Vipin Kapooria, chief financial officer of Blinkit, the quick commerce arm of Eternal (formerly Zomato), has resigned just about a year after taking over the role, people familiar with the matter told Moneycontrol. Kapooria is expected to return to his former employer, e-commerce giant Flipkart, according to the report.
Kapooria joined Blinkit around September–October 2024, becoming the first full-time CFO since Amit Sachdeva left the company in 2022. His appointment followed a major funding round for
Blinkit, which Eternal had described as its most important business division, and came weeks after the company raised ₹8,500 crore ($1 billion) through a qualified institutional placement.

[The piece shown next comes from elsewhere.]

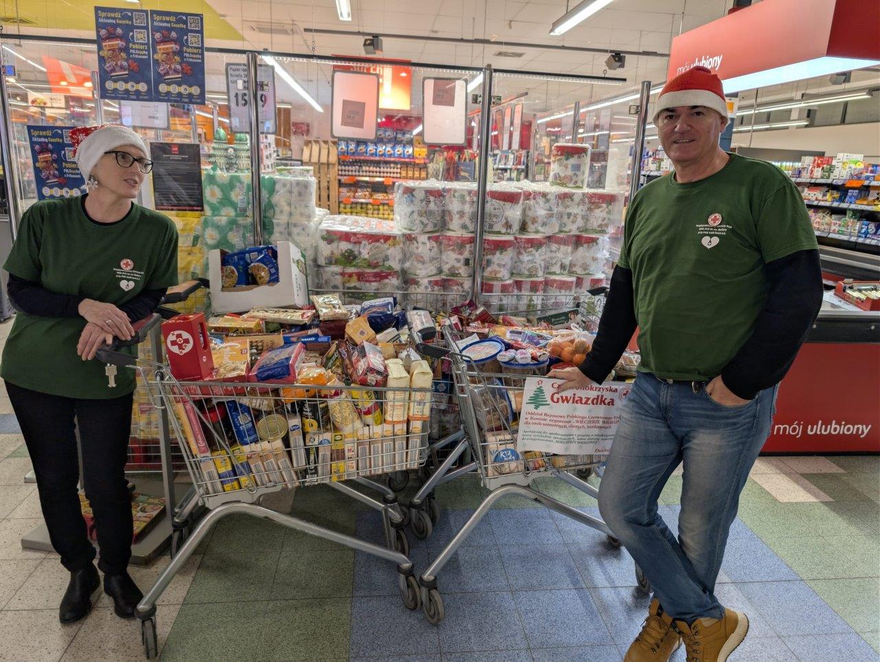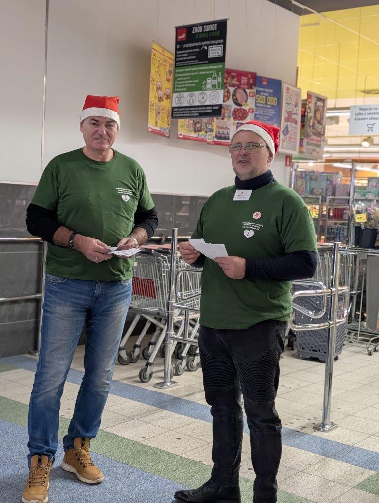Następnego dnia przedstawiciele klubu, w pięknych mikołajowych czapkach, wzięli udział w organizowanej przez PCK zbiórce żywności na wieczerzę wigilijną dla samotnych, chorych i bezdomnych.

This will be Kapooria’s third stint with Flipkart. He previously worked with the Walmart-owned company from 2015 to 2018 and again from August 2020 to October 2024, spending over seven years at the e-commerce major in total. Kapooria’s return comes just ahead of Flipkart’s planned IPO in 2026.
Eternal and Flipkart did not immediately respond to requests for comment. It remains unclear who will replace Kapooria at Blinkit.
Rising competition in quick commerce
Kapooria’s departure comes amid intensifying competition in India’s quick commerce sector. Blinkit, the market leader, faces strong rivalry from Swiggy’s Instamart, Zepto, Tata’s BigBasket, Flipkart Minutes and Amazon Now. The top three players, Blinkit, Instamart and Zepto, are expected to compete in public markets soon, a landmark for an industry that barely existed five to six years ago.
Quick commerce has rapidly evolved from a supplementary offering to a must-have for consumers, driving heavy investment in the space. A Moneycontrol analysis found that Blinkit, Swiggy and Zepto have collectively burnt nearly ₹9,000 crore over the past nine to 11 months, even as they sit on large cash reserves.
Despite high burn rates, the three companies hold over ₹40,000 crore in cash and cash equivalents, including fresh funds raised through QIPs by Eternal and Swiggy. This financial cushion is expected to help them continue competing aggressively for a larger share of the quick commerce market.